Protections in Pregnant Workers Act make sense
Published 6:25 pm Monday, April 1, 2019
EDITORIAL
The Advocate-Messenger
Women who work while pregnant will have the right to “reasonable accommodations” from their employer if Gov. Matt Bevin signs the Kentucky Pregnant Workers Act.
The act passed the legislature on the final day of the 2019 General Assembly. It puts into law many common-sense rules that should have already been there.
The act — sponsored by Sen. Alice Forgy Kerr (R-Lexington) — requires employers to work with a pregnant employee on what kinds of accommodations will allow her to keep working safely, but it doesn’t overstep by requiring employers to do everything and anything.
Possible accommodations as outlined in the act include “more frequent or longer breaks, time off to recover from childbirth, acquisition or modification of equipment, appropriate seating, temporary transfer to a less strenuous or less hazardous position, job restructuring, light duty, modified work schedule, and private space that is not a bathroom for expressing breast milk.”
The act doesn’t mandate any or all of those items; instead, it states that “the employer and employee shall engage in a timely, good faith, and interactive process to determine effective reasonable accommodations.” In other words, since every pregnancy is different, employers and employees should be allowed to come up with different solutions that work for everyone.
The act does not require accommodations that would put an “undue hardship” on the employer, such as changes that would be cost-prohibitive given the size of the business. And it only applies to businesses with 15 or more employees.
It’s harder and harder for families to make it by on only one income, which means more and more moms don’t have the option to choose whether to work or not. Keeping moms-to-be and new moms employed and safe means their kids can also be safe and well cared for.
There are benefits for the economy, too: This act makes it possible for more people to continue working, which means it can be considered a jobs bill in addition to a rights bill.
Kentucky needs more legislation like this that makes having a job better. The more beneficial it is to have a job, the more people will be incentivized to work.

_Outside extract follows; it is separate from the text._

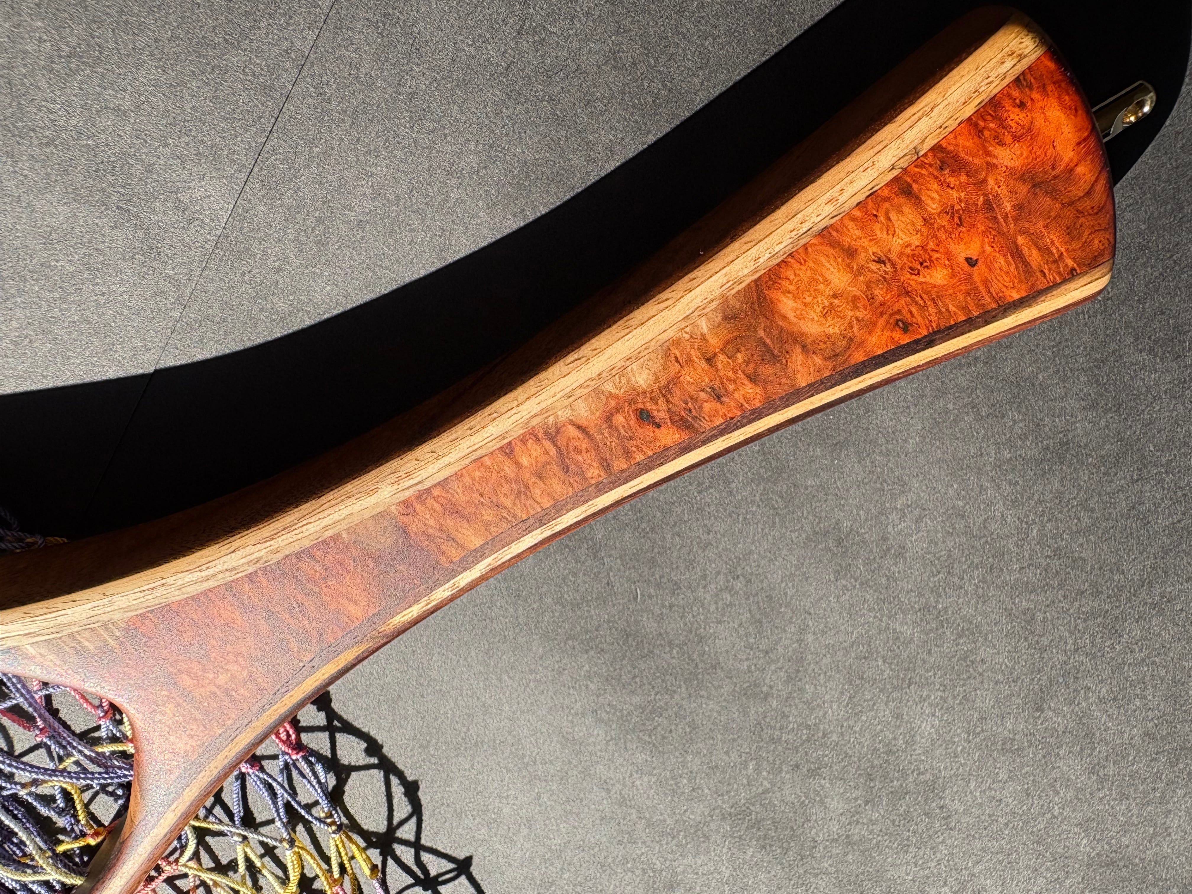 グリップには、希少価値の高い“特上グレード”のアンボイナ花梨瘤材を使用。瘤ならではの複雑で美しい杢が、所有する喜びを引き立てます。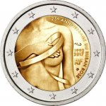 Περιγραφή: Από τη δεκαετία του 1990, η καταπολέμηση του καρκίνου του μαστού συνιστά ζήτημα υψίστης σημασίας σε παγκόσμιο επίπεδο. Με την ευκαιρία της 25ης επετείου από τη δημιουργία της ροζ κορδέλας, σύμβολο του αγώνα αυτού, το Νομισματοκοπείο του Παρισιού (Monnaie de Paris) αποφάσισε να στηρίξει αυτήν την προσπάθεια. Εδώ και 15 χρόνια περίπου, κάθε χρόνο απονέμεται ένα βραβείο ροζ κορδέλας για τη στήριξη των προσπαθειών έρευνας και καινοτομίας. Στο κέρμα απεικονίζεται το γυναικείο στήθος που προστατεύεται συμβολικά από ένα χέρι και την κορδέλα. Περιβάλλεται, στο δεξιό μέρος, από την επιγραφή «25e ANNIVERSAIRE DU RUBAN ROSE» (25η επέτειος της ροζ κορδέλας). Στο δεξιό μέρος του κέρματος αναγράφονται επίσης τα έτη «1992 – 2017», η ένδειξη της χώρας έκδοσης «RF» και το σήμα του νομισματοκοπείου. Στην περίμετρο του κέρματος απεικονίζονται τα 12 αστέρια της Ευρωπαϊκής Ένωσης. Ποσότητα: 10.000.000 κέρματα Ημερομηνία έκδοσης: Σεπτέμβριος 2017Κατάσταση: UNC

We also like that the bill isn’t just focused on pregnancy and blind to what happens after a baby is born. The protections for breastfeeding make it easier for mothers to keep their babies healthy and growing in the best way possible.
The bill protects the rights of pregnant women and new moms without trampling on the rights of employers. And it does so with sensible reforms and an eye to the future. It shouldn’t have taken until 2019 to enact these reforms, but now that they’re here, the legislators who passed them deserve some credit.